Yozgat'ın Boğazlıyan ilçesinin eski kaymakamı Kemal Bey, 10 Nisan 1919 günü İstanbul'da asıldı.
"Nemrut Mustafa Paşa" yönetimindeki askeri mahkemede, yani "divan-ı harpte" suçlu bulunmuş ve idama mahkûm edilmişti.
Cenazesine gösterilen ilgi ve katılım, tıpkı bir ay kadar sonra İzmir'de Hasan Tahsin'in düşmana ilk kurşunu atacak olması gibi, "kurtuluş savaşımızın ilk eylemi" olarak öğretilir.
Düşünün, daha Mustafa Kemal Paşa'nın Samsun'a gitmesine bile bir aydan fazla zaman var...
"Kürt Mustafa Paşa" da denilen Nemrut Mustafa Paşa'nın mahkemesi, bir tür "Nuremberg Mahkemesi" gibiydi. Yani "savaş suçlularını" kovuşturmakla görevliydi.
Müttefiklerin baskısıyla mı? Elbette müttefiklerin baskısıyla. (İkinci Dünya Savaşı'ndan sonra Almanya'ya baskı yapmadılar çünkü ortada hukuken bir Alman devleti kalmamıştı, mahkemeyi bizzat kendileri kurdular.)
Müttefikler, daha 1915 yılında, savaşı kazanırlarsa "devr-i sabık" yaratacaklarını, Ermeni kırımından sorumlu tutacakları Osmanlı yöneticilerini yargılayacaklarını açık seçik belirtmişlerdi.
Kemal Bey, kendi ilçesindeki Ermeni kırımından dolayı suçlanıyordu. Nemrut Paşa, kaçmış olan asıl büyük sorumlulara ulaşamıyor, kör gibi ancak tuttuğunu ve gücünün yettiğini öpebiliyordu.
Fakat Kemal bey yeni kuşaklara "ilk milli şehidimiz" olarak tanıtıldı.

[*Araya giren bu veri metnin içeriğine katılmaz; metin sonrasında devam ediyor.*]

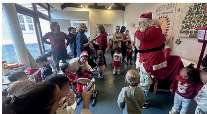
Dans la classe de petite et moyenne sections à l'école Blanche-de-Castille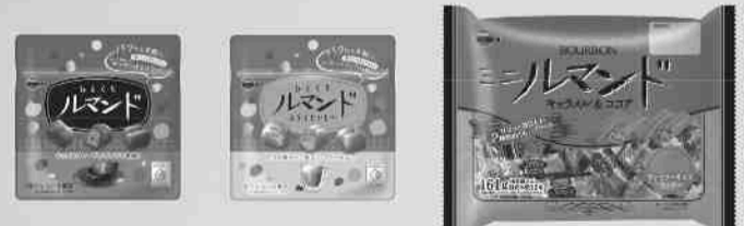
ひとくちルマンド ひとくちルマンド エチオピアモカ ミニルマンドFS キャラメル&amp;ココア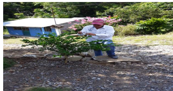
Figura 6. Toma de muestras de psílicos en rutas urbanas

d) Entrenamiento: Con el propósito de difundir la estrategia operativa de la Campaña, así como la sensibilización hacia los productores sobre la importancia de las enfermedades y adopción de las acciones mediante el establecimiento de AMEFIs, se realizaron 4 Talleres Participativos en los Municipios de Fco. Z, Mena y Pantepec, correspondientes a la Región Sierra Norte; Acateno y Hueytamalco, correspondientes a la Región Sierra Nororiental. Con esta acción se benefició un total de 42 productores.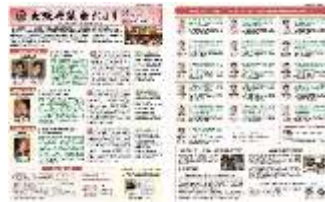
[令和 3 年 12 月号]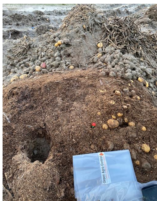
Figuur 6: Aardappelafval dat 90 dagen bij een verwerker buiten heeft gelegen

Opmerkelijk is dat de monsters van aardappelafval dat 90 dagen buiten lag bij een verwerker (figuur 6 hiernaast) wel hoge aantallen resistentie bevatten. Het bemonsterde materiaal was atypisch, in vergelijking met het andere aangetroffen materiaal: veel fijner qua structuur, zie voorgrond op de foto. Deze monsters bevatten ook azolen (zie ook tabel 3 op de volgende pagina). Deze monsters bevatten sowieso hoge aantallen A. fumigatus , in tegenstelling tot de andere monsters van aardappelafval.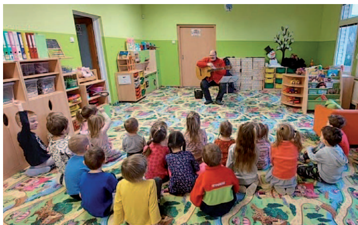
Návštěva kytaristy, který nám zahrál různé žánry na svou kytaru.

Savunmasında, tıpkı Eichmann gibi, "ben bir Türk memuruyum, yalnızca bana verilen emirleri yerine getirdim" demiştir...
Boğazlıyan Kaymakamı'nın "kuva-yı milliye" ile, direnişle, kurtuluş savaşıyla hiçbir ilgisi yoktur! Fakat bu olay da, tıpkı Çanakkale muharebeleri gibi, kurtuluş savaşımızın tarihine "monte" edilmiştir.
Anadolu direnişiyle Ermeni kırımı meselesi içiçe geçirilmiş, birinin sorumluları ötekinin kahramanları yapılmış, Ermeni kırımı konusu böylece "boğuntuya" getirilmiştir.
Türkiye Büyük Millet Meclisi'nin hemen açılır açılmaz ilk çıkardığı kanunlardan biri, "müttefik subaylarının Ermeni meselesini kovuşturmalarına izin verilmeyecektir" şeklindedir!
"Yorgun savaşçı" can havliyle sıçrayıp kalkmıştı. Ermeni kesmiş ve mallarına mülklerine el koymuş Anadolu "eşrafının" da onu desteklemekten başka çaresi yoktu! Memleketi kurtarmakla kırımın sorumlularını kurtarmak "eşanlamlı" olmuştu...
Bu İttihatçılar ne tür adamlar ki, bizi önce batırıyor sonra kurtarıyorlar? Hani sizi biri önce arkanızdan itip denize düşürür, sonra da atlayıp kurtarır gibi... Kızacak mısınız, teşekkür mü edeceksiniz?
"Ermeni kesenlerin kurtuluş savaşına da önayak olmaları" meselesi bana hep 12 Eylül'ü hatırlatır.
Amerikan istihbaratının direktifleri doğrultusunda, memlekette önce anarşi çıkarmak, kan dökülmesini sağlamak, işler dayanılmaz noktaya gelince de atılıp onu "kurtarmak" gibi...
Boğazlıyan Kaymakamı Kemal Bey de önce günah keçisi, sonra milli kahraman yapılmış sıradan bir bürokrattır yalnızca.